This is a really good ad:
I'm Joe Manchin, and I approved this message to bring common sense to Washington. I'm a lifetime NRA member, but I don't walk in lockstep with the NRA's Washington leadership, this administration, or any special interest group. West Virginia, you know me. I haven't changed, and you know I've always fought for our gun rights. I believe that we can protect the Second Amendment while making our communities safer. I think most law-abiding gun owners agree with me. Call the NRA and tell them to support criminal background checks.
The backstory here is that the National Rifle Association
decided to start running ads attacking Joe Manchin for proposing expanded background checks despite the fact that Manchin is a lifelong NRA member and his background check proposal is popular across the country, even among Republicans.
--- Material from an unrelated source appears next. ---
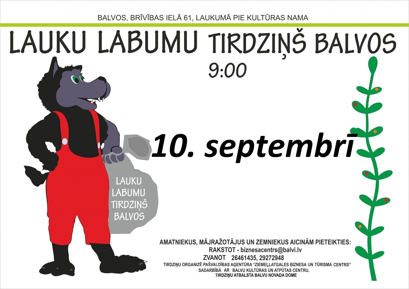 Tirdziņā piedalīties aicinām vietējos zemniekus, amatniekus un mājražotājus! Tirgotājiem pieteikšanās obligāta (līdz 8.septembrim) Ziemeļlatgales biznesa un tūrisma centrā: rakstot uz biznesacentrs@balvi.lv, turisms@balvi.lv vai zvanot 26461435, 29272948.

Manchin isn't up for reelection until 2018, so he probably could have ignored the NRA's attack, but he's smart enough to realize that the NRA's attack was actually a tremendous opportunity for him to reinforce his brand as an independent voice, and that's exactly what his ad does.
Manchin carries a rifle throughout the ad, but because this isn't the first time he's done so, it doesn't come across as defensive or unnatural. His argument that it's possible to protect gun rights while making them safer isn't unusual, but it builds up to the ad's call to action, which is unusual: Manchin asks voters to call the NRA and tell them to support criminal background checks.
The net result is that Manchin delivers a haymaker—defining the NRA as being so extreme that it's attacking him because he supports criminal background checks—without breaking a sweat or appearing to throw a punch. And he asks voters for their support—not for him personally, but for the common sense approach he's trying to take.
Manchin isn't a perfect senator—he's on the wrong side of marriage equality, for example—but he's doing a terrific job showing why politicians shouldn't be afraid of the NRA.